Weekend 258.0 (Shibuya Station)

Main Street, USA

Spent a little time on Saturday at the train station taking pictures of all the abandoned/seldom used commuter bicycles chained to the rack (that doesn’t sound very good). I love the Metro-North stations and photograph them frequently. I also like to use cash on the ticket machines because they return golden dollars as change.

One of my favorite stations (mostly for sentimental reasons) is St. Margarets (operated by South West Trains) in London, UK.

(1) Coffee Beyond the Same Old Grind (WSJ – Registration Required)

(2) A quote from The Republic Of Letters: An Interview With Nancy Pope by Joshua Bauchner

“A central point of the logistics of the post was the clerk’s memory. The clerks had to know thousands of cities, towns, addresses, and train schedules, so they could sort mail to be taken once they arrived at the next station—not only to that station for the local area but to another train for destinations afield of the main trunk route. If I’m sorting mail between Cleveland and Chicago, I have to know every stop between those cities, addresses in Chicago, and the trains that I’m going to intercept at any particular stop along the way.”

(3) A Historic Arrival: New York’s Grand Central Turns 100 (NPR)

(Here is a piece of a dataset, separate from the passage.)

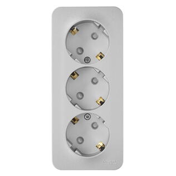 Розетка SE BLANCA (алюминий, открытой установки) трехместная, с заземлением, шторками и изолирующей пластиной предназначена для сетей до 250В, на ток до 16А. Трехместная розетка позволяет подключить три устройства в одном месте. Шторки и заземление обеспечивают дополнительную безопасность при косвенном прикосновении.

(4) A quote from Straphanger by Taras Grescoe

“Shibuya, a district that is home to one of the Yamanote line’s biggest stations and the headquarters of the Tokyu Group, is Tokyo at its most intense. Scuttling across the pedestrian scramble in front of the station plaza, overlooked by a chattering, 30-foot-tall anime penguin on the screen above, I was keenly aware that I was in Tokyu territory. Behind me was a high-rise shopping complex shaped like a silver silo, topped with the glowing red figures 109—clever shorthand for “Tokyu”: the Japanese character for 10 is to; 9 is read kyu. Towering above Shibuya station was an exclusive Tokyu hotel; up the street was an outlet of Tokyu Hands, a multilevel departments store and do-it-yourselfer’s paradise. Running between the skyscrapers were the elevated tracks, the foundations of Tokyu’s fortunes, that kept Shibuya humming with a constant supply of commuters from the western suburbs. Today, Tokyu is Japan’s largest rail-based conglomerate, with annual revenues of $12 billion.”

(5) A quote from Rome: A cultural, visual, and personal history by Robert Hughes

“The parts of the imperial baths that are still standing have always afforded inspiration to architects—including, especially, those of the past century. Roman thermae supplied the models for those mighty expressions of the mystique of early-twentieth-century American travel, Grand Central Station, and the former Pennsylvania Station (1902-11), by McKim, Mead & White—with its waiting room modeled on the Baths of Caracalla but enlarged by a quarter—demolished in 1963, when, in one of the worst outrages ever inflicted on Manhattan, it made room for squalid warren that replaced it.”